Decision will be entered under Rule 155.
Footnotes
1. Unless otherwise indicated, any reference to "Rules" shall be deemed to refer to the Tax Court Rules of Practice and Procedure, and unless otherwise indicated, all statutory references are to the Internal Revenue Code of 1954, as amended and in effect during the years in issue.↩
2. We assume that the parties meant negative capital account.↩
3. As in effect during the taxable years in question, section 704(a) provided as follows:
SEC. 704(a)↩. Effect of Partnership Agreement.--A partner's distributive share of income, gain, loss, deducation, or credit shall, except as otherwise provided in this section, be determined by the partnership agreement.
4. As in effect during the taxable years in question, section 704(b) provided as follows:
SEC. 704(b). Distributive Share Determined by Income or Loss Ratio.--A partner's distributive share of any item of income, gain, loss, deduction, or credit shall be determined in accordance with his distributive share of taxable income or loss of the partnership, as described in section 702(a)(9), for the taxable year, if--
(1) the partnership agreement does not provide as to the partner's distributive share of such item, or
(2) the principal purpose of any provision in the partnership agreement with respect to the partner's distributive share of such item is the avoidance or evasion of any tax imposed by this subtitle. ↩
5. Section 704 was amended by section 213(d), Tax Reform Act of 1976, Pub. L. 94-455, 90 Stat. 1520, 1548, and section 704(b)↩, as amended, replaced the "tax-avoidance or -evasion" test with a "substantial economic effect" test.

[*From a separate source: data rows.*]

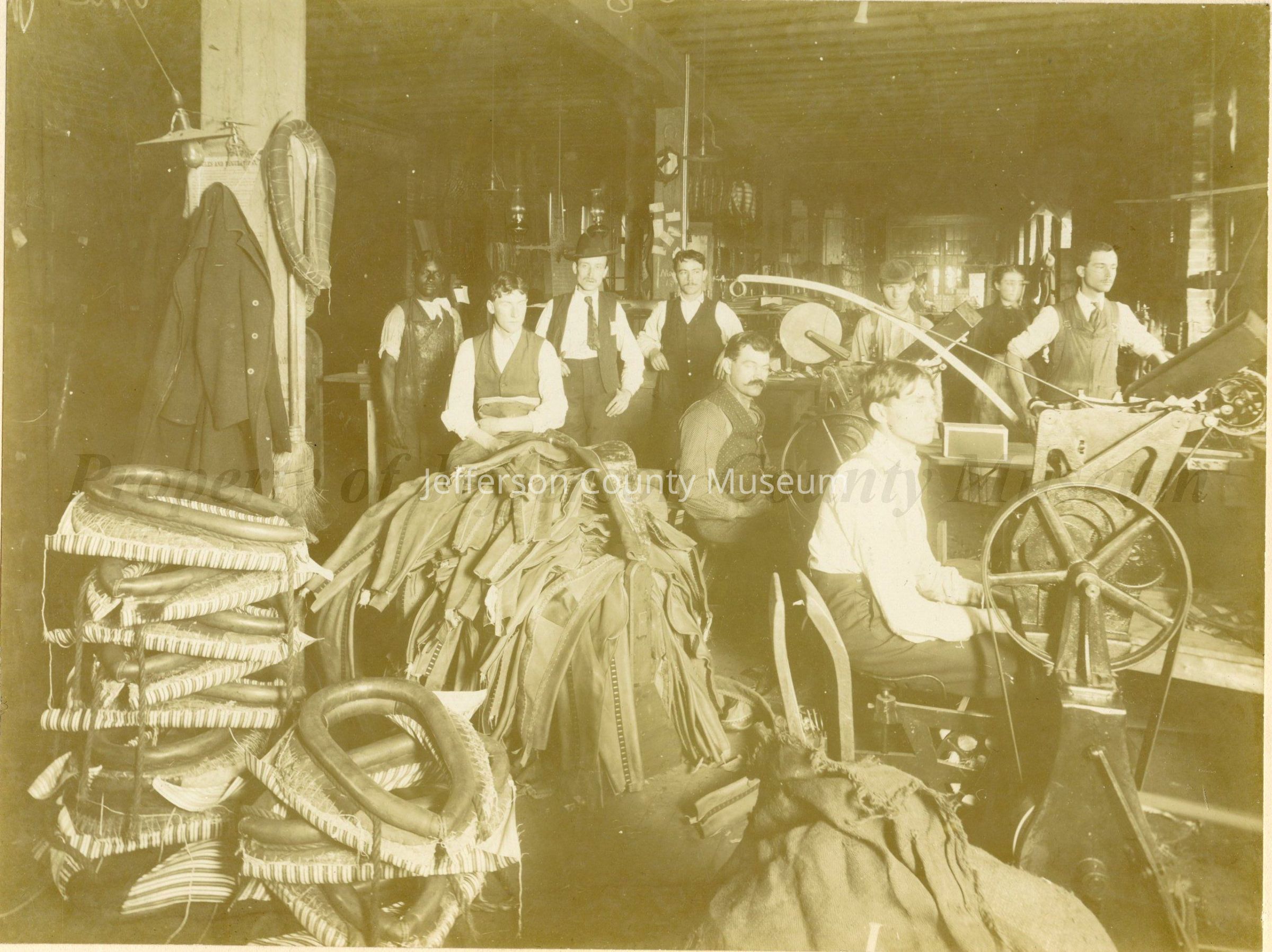 Nine workers inside the A. D. Goetz Harness Factory. Three copies of the photo included.
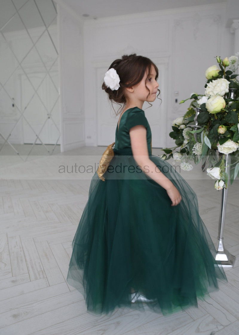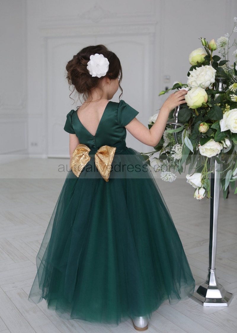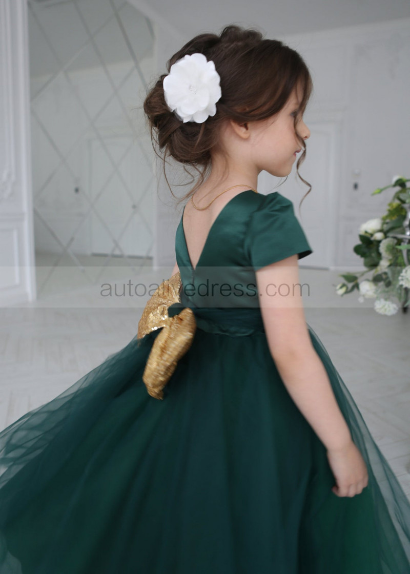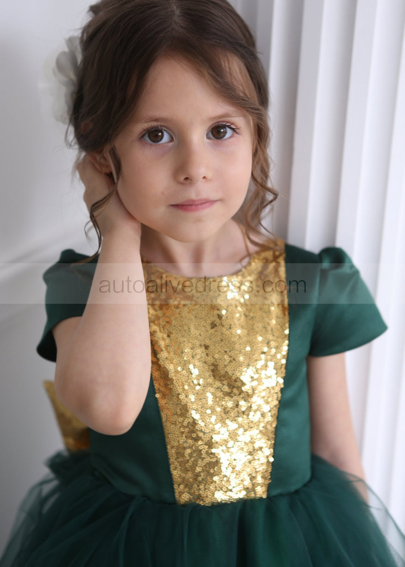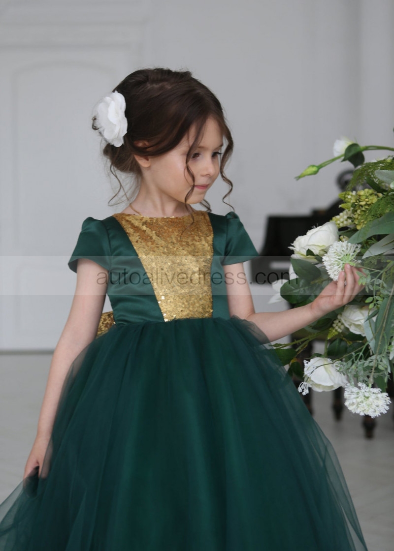 Emerald Tulle Gold Sequin V Back Flower Girl Dress Party Dress
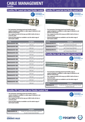 169CABLE MANAGEMENTTogether we GENERATE VALUEPremflex Premflex PVC Coated Galv Steel Flexible ConduitPart No. DescriptionPREM16GALVPVC-10M Premfl ex PVC Coated Galv Steel Flexible Conduit M16 Black (10m Coil)PREM16GALVPVC-50M Premfl ex PVC Coated Galv Steel Flexible Conduit M16 Black (50m Coil)PREM20GALVPVC-10M Premfl ex PVC Coated Galv Steel Flexible Conduit M20 Black (10m Coil)PREM20GALVPVC-25M Premfl ex PVC Coated Galv Steel Flexible Conduit M20 Black (25m Coil)PREM20GALVPVC-50M Premfl ex PVC Coated Galv Steel Flexible Conduit M20 Black (50m Coil)PREM25GALVPVC-10M Premfl ex PVC Coated Galv Steel Flexible Conduit M25 Black (10m Coil)PREM25GALVPVC-25M Premfl ex PVC Coated Galv Steel Flexible Conduit M25 Black (25m Coil)PREM25GALVPVC-50M Premfl ex PVC Coated Galv Steel Flexible Conduit M25 Black (50m Coil)PREM32GALVPVC-10M Premfl ex PVC Coated Galv Steel Flexible Conduit M32 Black (10m Coil)PREM32GALVPVC-25M Premfl ex PVC Coated Galv Steel Flexible Conduit M32 Black (25m Coil)PREM40GALVPVC-10M Premfl ex PVC Coated Galv Steel Flexible Conduit M40 Black (10m Coil)PREM40GALVPVC-25M Premfl ex PVC Coated Galv Steel Flexible Conduit M40 Black (25m Coil)PREM50GALVPVC-10M Premfl ex PVC Coated Galv Steel Flexible Conduit M50 Black (10m Coil)%u2022 The Termination Technology brand new Premflex range of conduit and glands is available in a wide range of materials to suit different environments%u2022 Sizes ranging from M16 all the way up to M50 in bulk coil sizes or contractor packs%u2022 Fixed and Swivel glands are available to suit the whole range of Galv/Coated conduitsPremflex PVC Coated Galv Steel Flexible Conduit PacksPart No. DescriptionPREM16GALVPVC-PK Premfl ex PVC Coated Galv Steel Flexible Conduit Pack 10m with 10 Swivel Glands M16 BlackPREM20GALVPVC-PK Premfl ex PVC Coated Galv Steel Flexible Conduit Pack 10m with 10 Swivel Glands M20 BlackPREM25GALVPVC-PK Premfl ex PVC Coated Galv Steel Flexible Conduit Pack 10m with 10 Swivel Glands M25 Black%u2022 The Termination Technology brand new Premflex range of conduit and glands is available in a wide range of materials to suit different environments%u2022 Sizes ranging from M16 all the way up to M50 in bulk coil sizes or contractor packs%u2022 Fixed and Swivel glands are available to suit the whole range of Galv/Coated conduitsPremflex Bare Galv Steel Flexible Conduit PackPart No. DescriptionPREM32GALV-PK Premfl ex Bare Galv Steel Flexible Conduit Pack 10m with 10 Swivel Glands M32%u2022 The Termination Technology brand new Premflex range of conduit and glands is available in a wide range of materials to suit different environments%u2022 Sizes ranging from M16 all the way up to M50 in bulk coil sizes or contractor packs%u2022 Fixed and Swivel glands are available to suit the whole range of Galv/Coated conduitsPremflex PVC Coated Galv Steel Flexible Conduit PackPart No. DescriptionPREM32GALVPVC-PK Premfl ex PVC Coated Galv Steel Flexible Conduit Pack 10m with 10 Swivel Glands M32 Black%u2022 The Termination Technology brand new Premflex range of conduit and glands is available in a wide range of materials to suit different environments%u2022 Sizes ranging from M16 all the way up to M50 in bulk coil sizes or contractor packs%u2022 Fixed and Swivel glands are available to suit the whole range of Galv/Coated conduits

6. See also Magaziner v. Commissioner,T.C. Memo. 1978-205↩.
7. The record does not show the amount of petitioner's tax basis in Castleton and Altamonte in 1973, 1974, or 1975. Because respondent has not challenged petitioner's share of partnership deductions other than the special allocations of interest expense, we assume that such basis existed at least to the extent of those deductions.↩
8. The pertinent parts of sections 23-4-1-18 and 23-4-1-40, Ind. Code Ann. (Burns 1972), provide:
23-4-1-18 Rules determining rights and duties of partners.--The rights and duties of the partners in relation to the partnership shall be determined, subject to any agreement between them * * *.

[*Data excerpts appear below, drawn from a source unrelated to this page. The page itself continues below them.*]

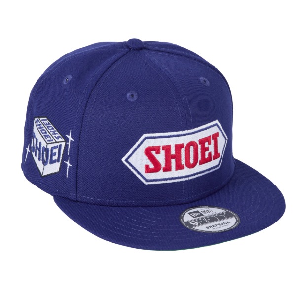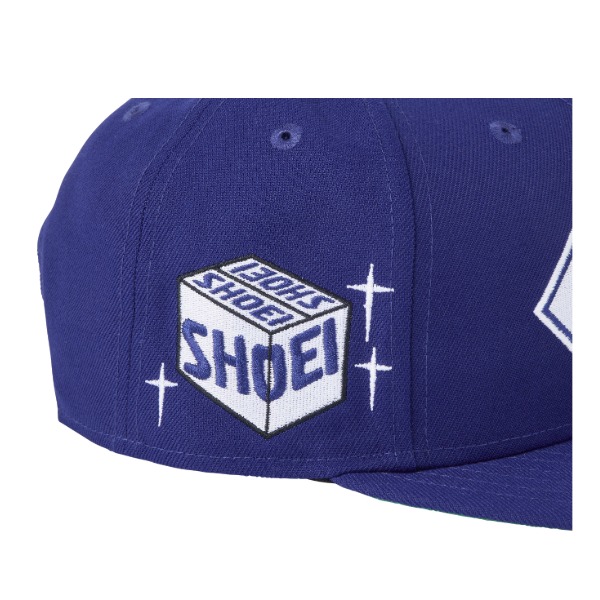 鮮やかなブルーに、「NEW ERA」「SHOEI」両ブランドのロゴが映える。
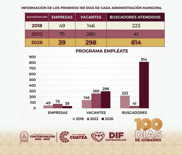 En estos primeros 100 días de administración, se presentan los resultados alcanzados a través del Programa Empléate, los cuales reflejan la transformación de la vinculación laboral en el municipio.
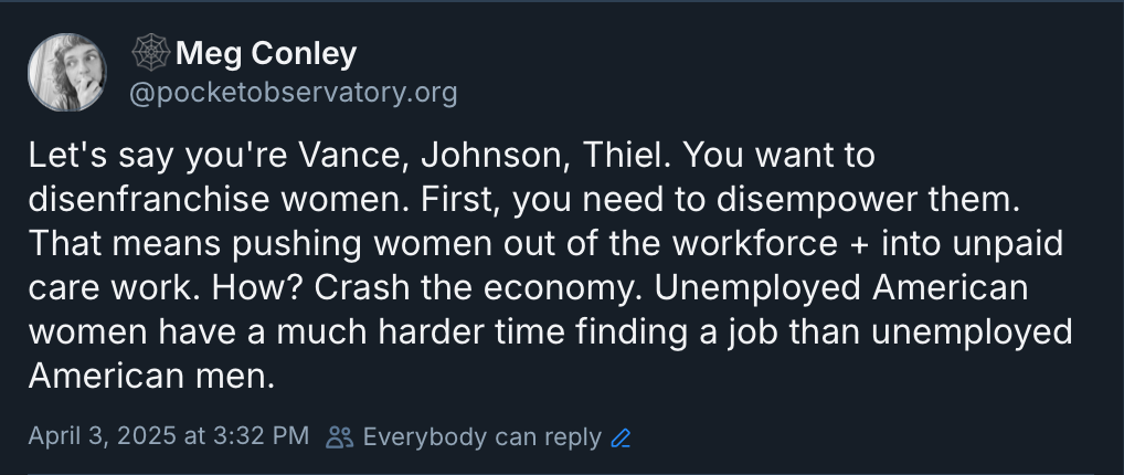 For now, I want to emphasize that these men are not saying Americans can do with less because they want to reduce the kind of consumption that hurts workers and the environment. We know they are not concerned about because, among many other things, this regime is gutting the EPA and stripping workers of protections. These men are saying Americans can do with less because they want to permanently restrict all choices available to some Americans. This is just how they're getting started.

23-4-1-40 Rules for distribution.--In settling accounts between the partners after dissolution * * * subject to any agreement to the contrary↩ * * *. [Emphasis supplied.]

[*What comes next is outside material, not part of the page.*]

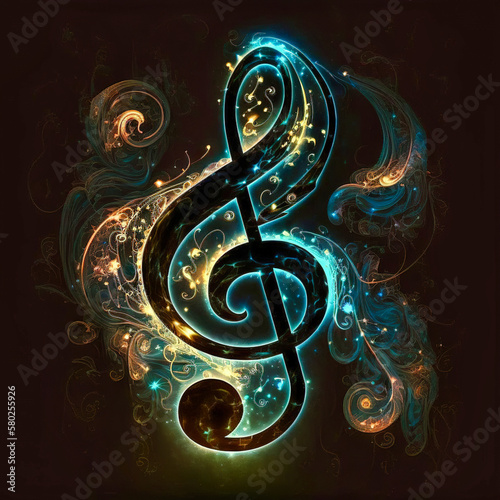 Music graphite poster, treble clef and notes. background, wallpaper. Printable artwork. Generative AI.

9. SEC. 741. RECOGNITION AND CHARACTER OF GAIN OR LOSS ON SALE OR EXCHANGE.
In the case of a sale or exchange of an interest in a partnership, gain or loss shall be recognized to the transferor partner. Such gain or loss shall be considered as gain or loss from the sale or exchange of a capital asset, except as otherwise provided in section 751↩ (relating to unrealized receivables and inventory items which have appreciated substantially in value).
10. Respondent's determination that petitioner must recognize capital gain to the entire extent of his deficit capital account balance in Castleton apparently assumes that petitioner's tax basis was zero. As stated in footnote 7, supra,↩ the record herein does not show the amount of that basis. In any event, our resolution of this issue renders the determination of petitioner's tax basis unnecessary.